Dataset entries:
--- --- ---

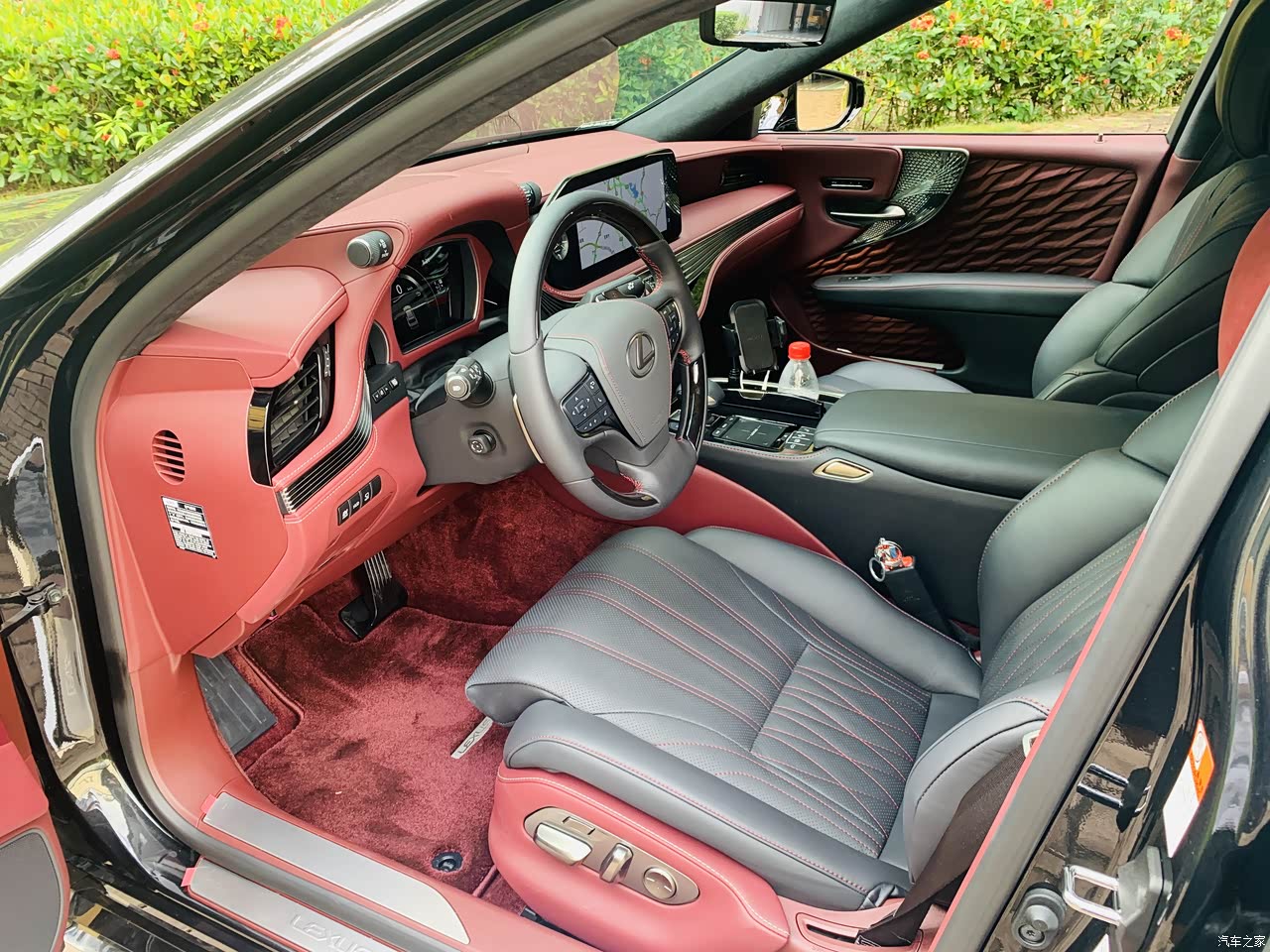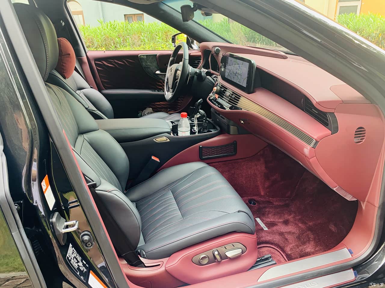 LS带着东方美学韵味的精美内饰,D级车里算是最独特的,第一眼见到行政版这个内饰就被吸引了,我特别喜欢红色,用料也是同级别最好的,座椅半苯胺真皮,门板凌光切子衬鹤羽折布是我最满意的地方,新款中控大屏升级触控屏还是很喜欢的,加上常用功能都配备了精致的实体按纽,传统加科技相结合,这也是我很喜欢的设计,车内很多细节设计很人性化,如安全带插口带灯光指引进入会自动升起,前排座椅缝隙有填充物东西不会掉进去,还有车方向盘和座椅都会自动收缩,细节方面真的考虑的非常周到。
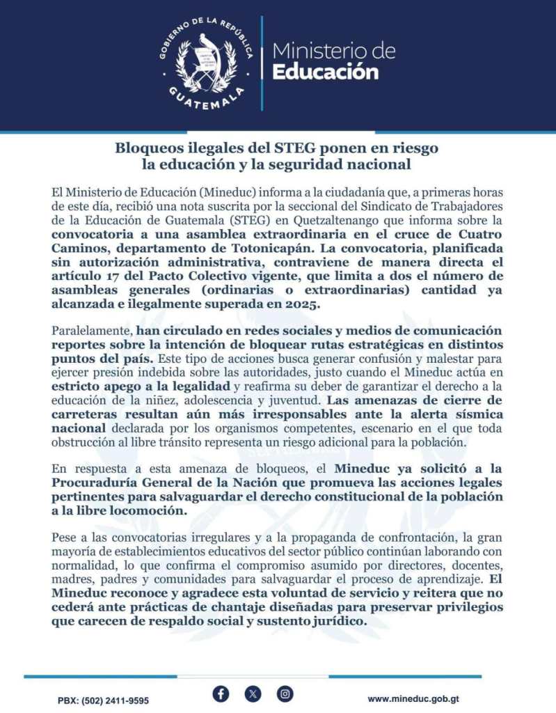 El Ministerio de Educación (Mineduc) emitió un comunicado este 9 de julio en donde se pronuncia por supuestos reportes que indican la intención del Sindicato de Trabajadores de la Educación de Guatemala (Steg) de bloquear diferentes rutas del país.
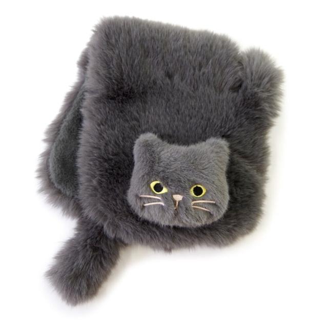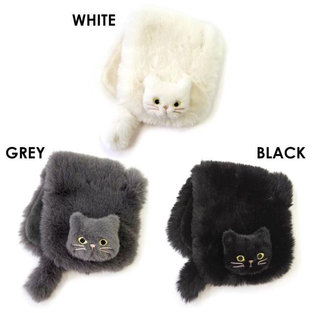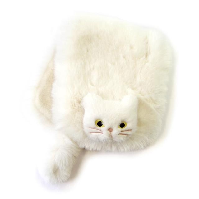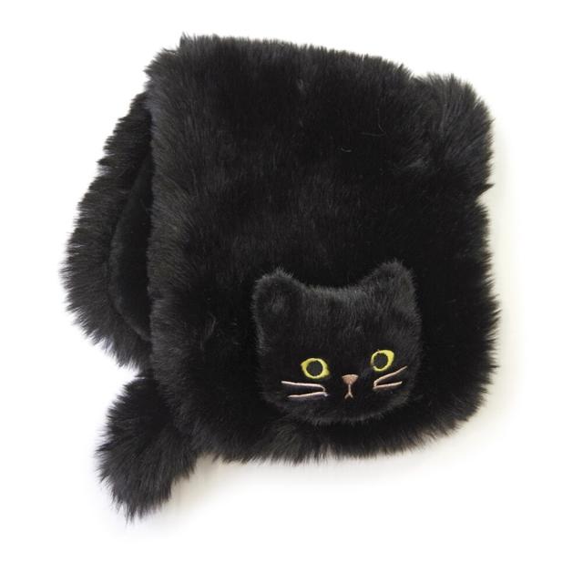 大きめサイズのふわふわファーに、つぶらな瞳とぴょこんと立った耳がついた猫の顔デザインで、持つだけでコーディネートの主役になる可愛さです。
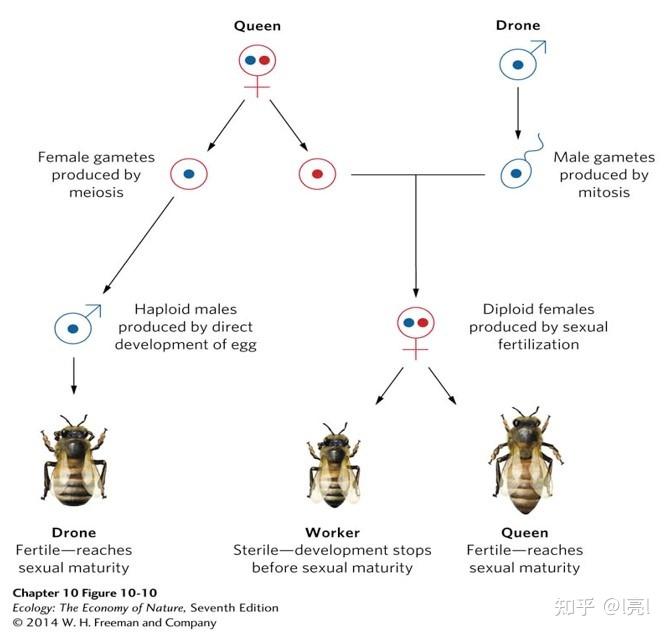 另外一个经典的有意思的例子是真社会性(eusocial)昆虫的性别比。真社会性膜翅目昆虫,比如蚂蚁,往往有一个或几个雌性的蚁后,众多的雌性工蚁,和繁殖季节婚飞的雄性公蚁,这导致雌性数量远超雄性,性别比严重地偏低,而这一般就是由亲缘选择(kin selection)解释的——因为产生的工蚁能够帮助养育更多的姐妹。既然这里那就再说一句题外话,真社会性膜翅目昆虫性别比的成因还受到很多其他因素的影响,比如不同性别后代继承的父亲与母亲基因的比例,在这一点上真社会性膜翅目昆虫是特殊的,因为蚁后和工蚁是双倍体,而公蚁是单倍体,这导致了蚁后与它的雌性后代和雄性后代之间都共享有50%的基因,而作为工具人的雌性工蚁对其他姐妹(其他工蚁和蚁后)共享有75%的基因,而对其兄弟公蚁只共享有50%的基因,而公蚁的基因100%会遗传给雌性后代,但只有50%的可能性遗传给雄性后代。所以我们看到不同的阶级有不同的利益诉求:蚁后想要两性平等,而工蚁与公蚁都希望有更多的姐妹/雌性后代。更有意思的是,各个阶级的个体可以通过自己的行为来调整性别比,比如工蚁因此会对雌性幼体关爱有加,而对公蚁的幼体照顾的不那么周到,而蚁后也会将计就计,上调公蚁的出生比例以力求两性平等 (Helantera & Ratnieks, 2009)。
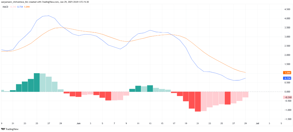 MACD cũng đang cho thấy những dấu hiệu đáng mừng. Chỉ báo này đang trên đà hình thành giao cắt tăng giá, điều này sẽ xác nhận sự thay đổi động lực từ giảm sang tăng. Biểu đồ histogram liên quan đến MACD cho thấy các thanh màu đỏ ngày càng ngắn dần, báo hiệu rằng áp lực giảm giá đang suy yếu. Việc hình thành giao cắt tăng giá sẽ xác nhận sức mạnh của động lực và thúc đẩy HYPE hướng đến mức đỉnh mới.
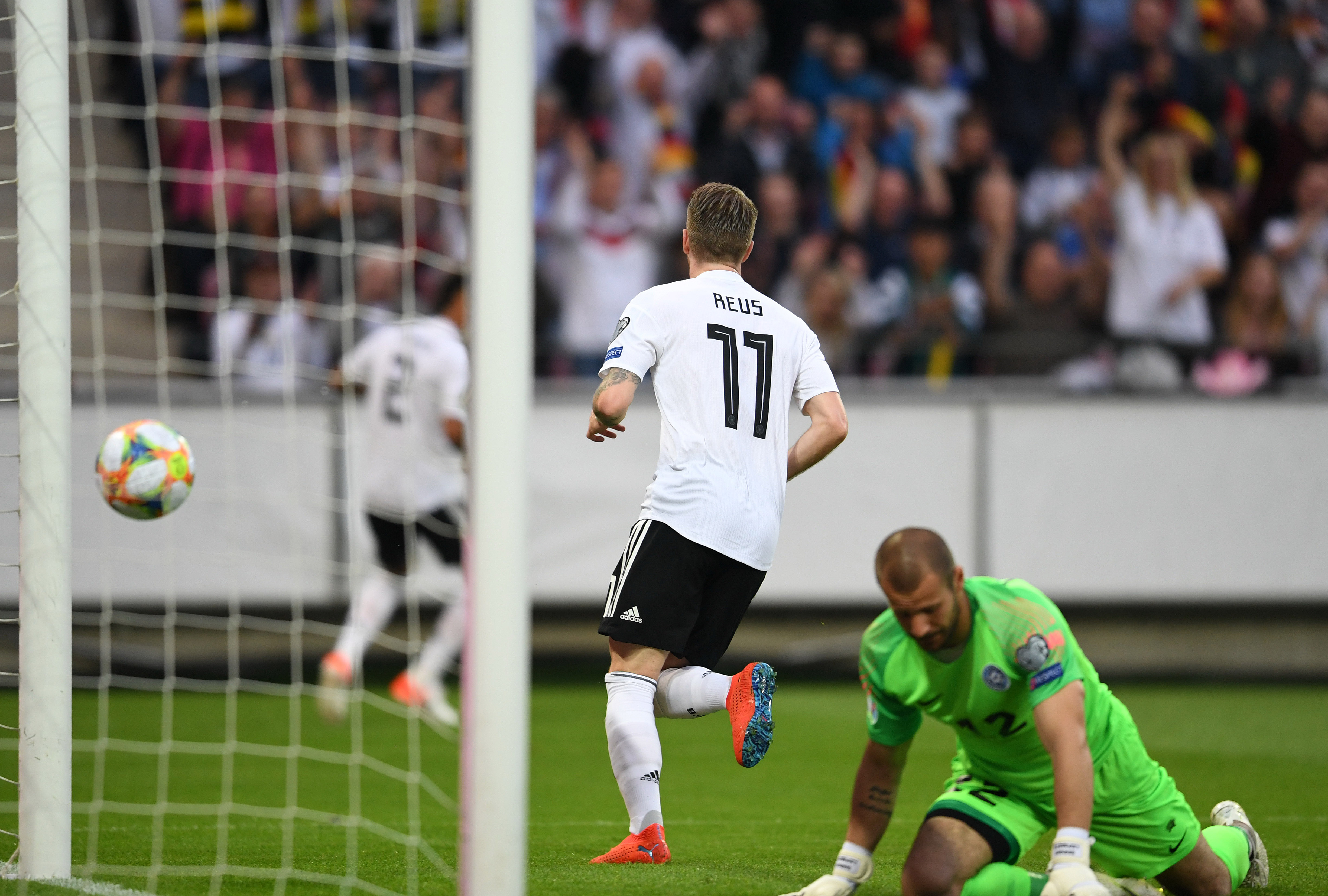 Marco Reus (L) of Germany scores during the UEFA Euro 2020 group C qualifying football match between Germany and Estonia in Mainz, Germany, on June 11, 2019. Germany won 8-0. (Xinhua/Lu Yang)
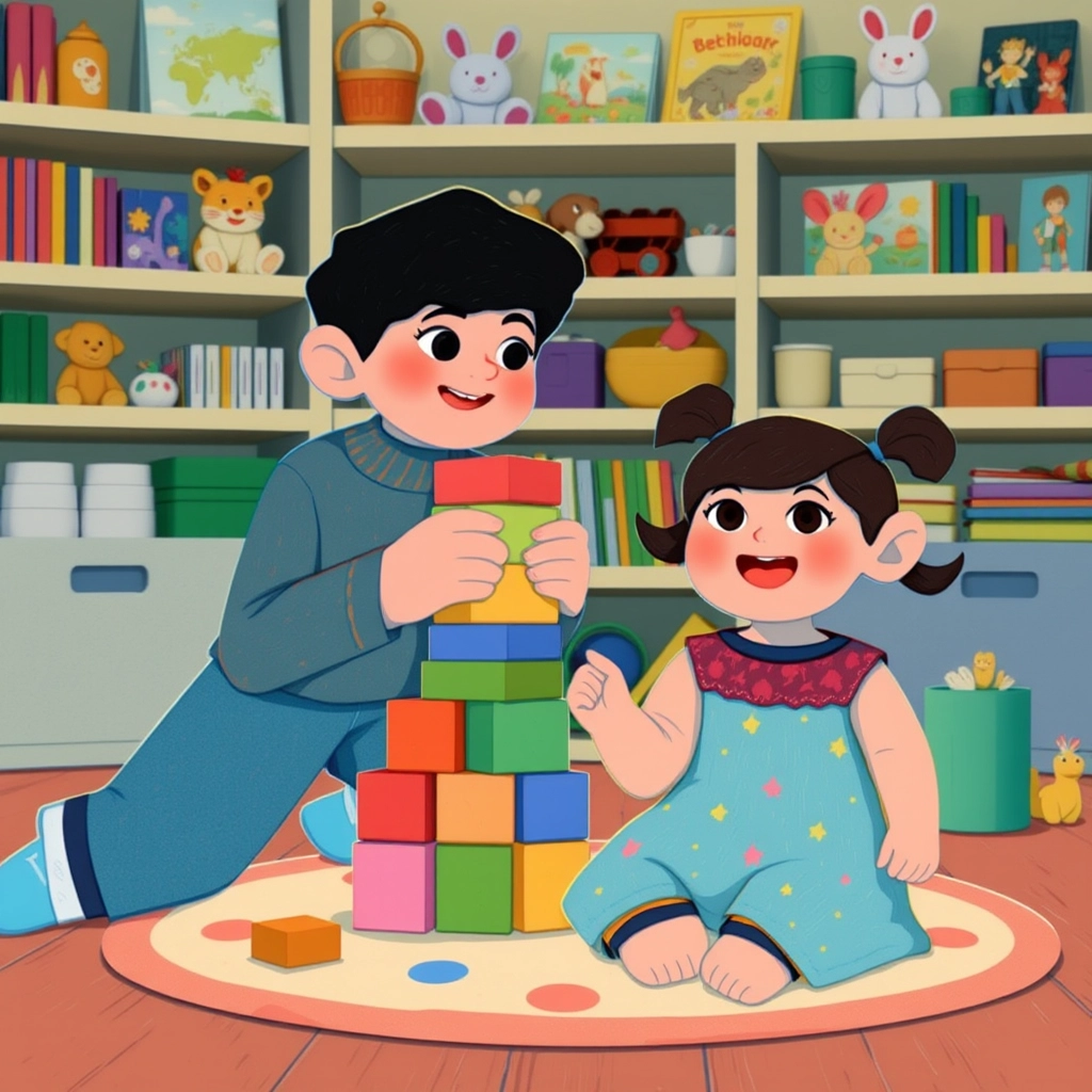 Later, at home, [Yusuf](G95TMJSD) helped his little sister build a tower from blocks instead of knocking it down. She clapped her hands with joy!

--- --- ---

What lines above run from the one with "El Ministerio de" to the one with "大きめサイズのふわふわファー"? Give them again exactly, ends included, and leave the pictures out.

 El Ministerio de Educación (Mineduc) emitió un comunicado este 9 de julio en donde se pronuncia por supuestos reportes que indican la intención del Sindicato de Trabajadores de la Educación de Guatemala (Steg) de bloquear diferentes rutas del país.
 大きめサイズのふわふわファーに、つぶらな瞳とぴょこんと立った耳がついた猫の顔デザインで、持つだけでコーディネートの主役になる可愛さです。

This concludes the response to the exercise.